Words & phases mentioned in the podcast:

  • Eat Stop Eat aka ESE – Lifestyle and diet protocol by Brad Pilon focusing on balancing social eating events with fat loss.
  • Anything Goes Diet aka AGD – “Diet without rules”, forget about carb cycling, macro-nutrients or unhealthy foods. Eat what you like and lose weight.

Listen to the interview here:

BCAA’s, Fasting and Autophagy

Intermittent fasting has become a popular method for reducing bodyfat. Brad Pilon’s popular book Eat Stop Eat is the go to resource for all things intermittent fasting.

Fasting itself is quite simple, just stop eating for a predetermined length of time. But it seems that people cannot leave well enough alone and always want to add something to make their fasts better, or tweak it in hopes to improve the outcome.

You could say Oscar is in charge of Autophagy on Sesame Street...ok not exactly, but I like the picture of Oscar.

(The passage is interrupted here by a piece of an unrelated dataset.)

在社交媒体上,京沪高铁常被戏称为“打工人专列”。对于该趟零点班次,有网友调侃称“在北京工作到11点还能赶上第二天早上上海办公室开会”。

This has lead to a recommendation for taking BCAA (Branched Chain Amino Acids) during a fast. There is a belief that by taking BCAA’s during a fast, you can promote a greater degree of muscle growth than if you fasted without taking them.

This assumption comes from the role BCAA’s play in affecting something called the mTOR pathway in your muscle cells and a mechanism known as ‘Autophagy’.

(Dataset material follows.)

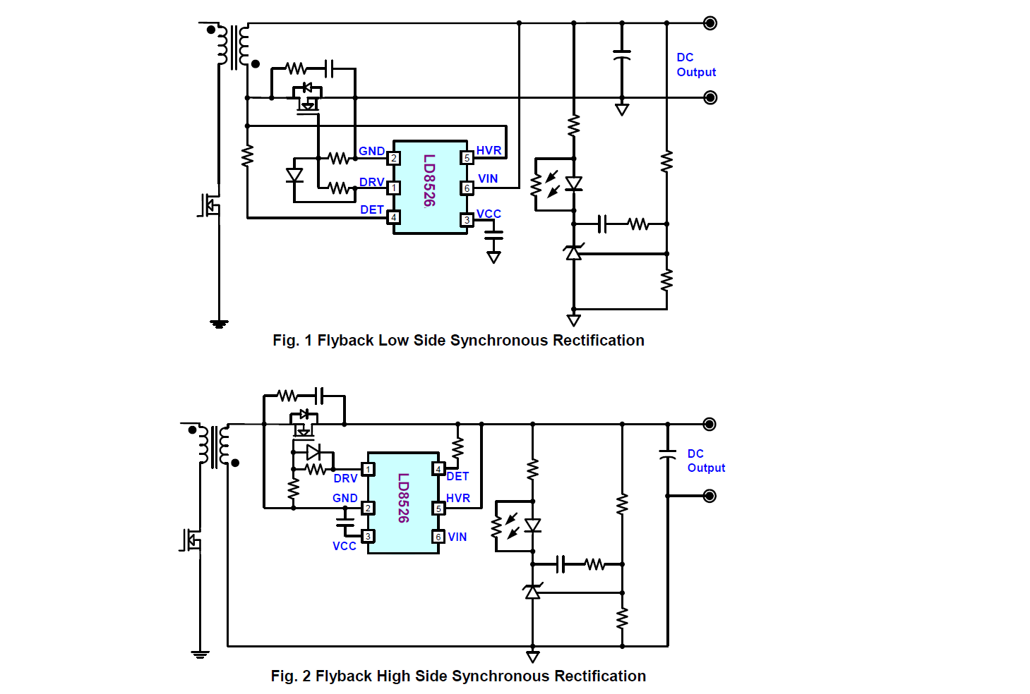 應用於切換式AC/DC適配器和電池充電器與開放式框架開關電源的LD8526GL是一款二次側同步整流 (SR) 驅動器 IC。它適用於CCM、DCM和QR模式下的反激式電路架構,可使用在低側負端輸出和高側正端輸出位置的同步整流,LD8526GL可用於CCM和DCM操作在輕負載條件下,LD8526GL可以進入節能模式,透過停止 SR MOSFET 驅動功能來降低工作電流。可以透過低輸出電壓在負端輸出或正端輸出位置的整流應用產生自己的電源電壓維持運作不需要另外提供電源給IC運行,可以自行供電,無需輔助繞組,可以減少許多系統電路周邊零件與控制電路組件數量與電路空間,並降低電源應用的材料成本。可支援具有峰值負載功能的應用(最高頻率可到130kHz),適用於PD應用輸出電壓範圍為3V至21V,可編程設定IC關斷的準位。

Autophagy is defined as “the consumption of ones own body”

In typical fitness/bodybuilding media bro-science, this process is mistaken for the loss of muscle mass. Words like ‘catabolism’, ‘muscle break down’, “protein loss’ etc are used to explain this cellular process. These phrases sound like it would be detrimental effect to the process of building/maintaining muscle, however that is not the case.

Autophagy may be more accurately described as ‘cellular cleansing’ (or even just taking out the garbage) which is a normal process that happens constantly in all of your cells. It may even be that if this process is impaired it can lead to accelerated cellular aging and other metabolic problems.

In other words, it’s not correct to view autophagy as a negative event that must be stopped by taking BCAA’s, but rather it is a necessary step in the proper functioning of a healthy cell.

In today’s podcast, we’ll explain what autophagy is and how it relates to muscle growth, aging and the overall health of a given cell.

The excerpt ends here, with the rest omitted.